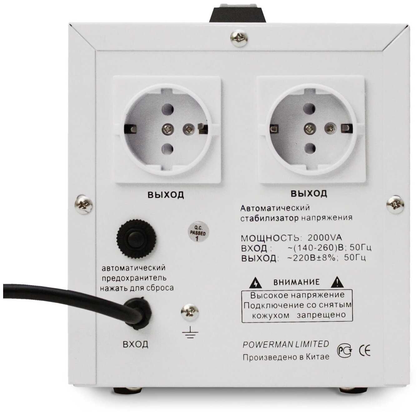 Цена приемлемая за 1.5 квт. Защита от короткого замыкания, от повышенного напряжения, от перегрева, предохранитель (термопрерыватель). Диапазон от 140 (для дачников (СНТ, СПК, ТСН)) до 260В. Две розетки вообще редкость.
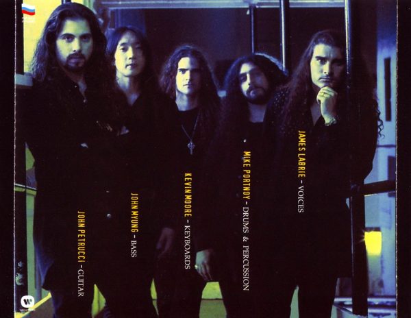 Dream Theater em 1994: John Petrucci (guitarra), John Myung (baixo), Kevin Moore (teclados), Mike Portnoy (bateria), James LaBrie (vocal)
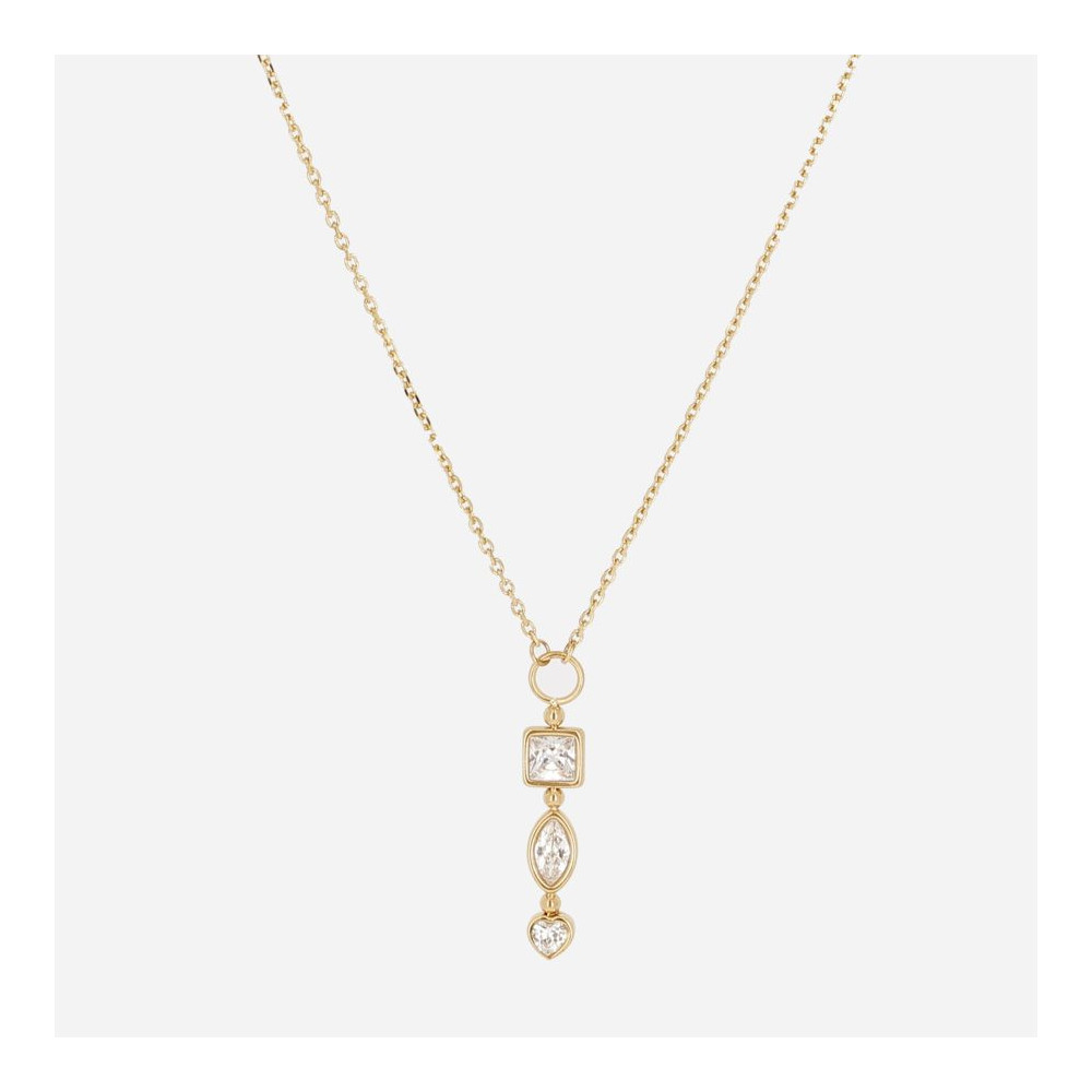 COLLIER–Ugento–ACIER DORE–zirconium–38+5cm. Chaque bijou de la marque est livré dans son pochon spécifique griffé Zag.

········

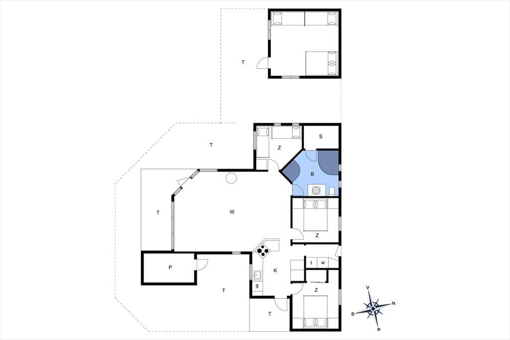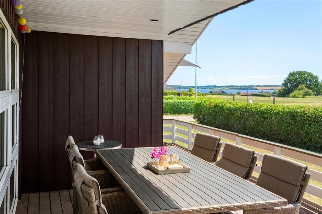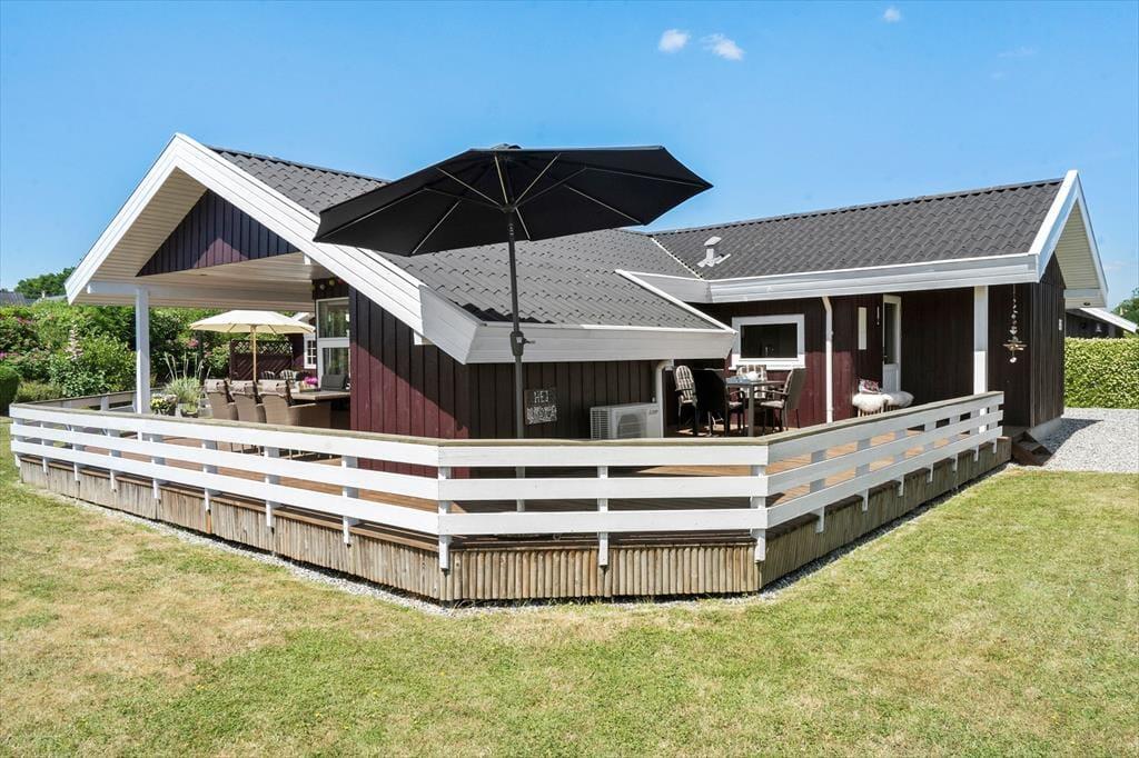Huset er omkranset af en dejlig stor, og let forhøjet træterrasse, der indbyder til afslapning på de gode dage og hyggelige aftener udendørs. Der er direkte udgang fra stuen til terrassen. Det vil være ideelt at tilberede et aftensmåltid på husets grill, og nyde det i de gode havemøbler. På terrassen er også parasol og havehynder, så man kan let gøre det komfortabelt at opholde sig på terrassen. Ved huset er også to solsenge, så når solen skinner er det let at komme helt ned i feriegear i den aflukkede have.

········

- TASK ITEM -
Copy exactly the material above from the line with "Цена приемлемая за" to the line with "COLLIER–Ugento–ACIER DORE–zirconium–38+5cm. Chaque", ends included, and nothing else. Leave out any picture.

- SOLUTION FOR THIS PROBLEM -
 Цена приемлемая за 1.5 квт. Защита от короткого замыкания, от повышенного напряжения, от перегрева, предохранитель (термопрерыватель). Диапазон от 140 (для дачников (СНТ, СПК, ТСН)) до 260В. Две розетки вообще редкость.
 Dream Theater em 1994: John Petrucci (guitarra), John Myung (baixo), Kevin Moore (teclados), Mike Portnoy (bateria), James LaBrie (vocal)
 COLLIER–Ugento–ACIER DORE–zirconium–38+5cm. Chaque bijou de la marque est livré dans son pochon spécifique griffé Zag.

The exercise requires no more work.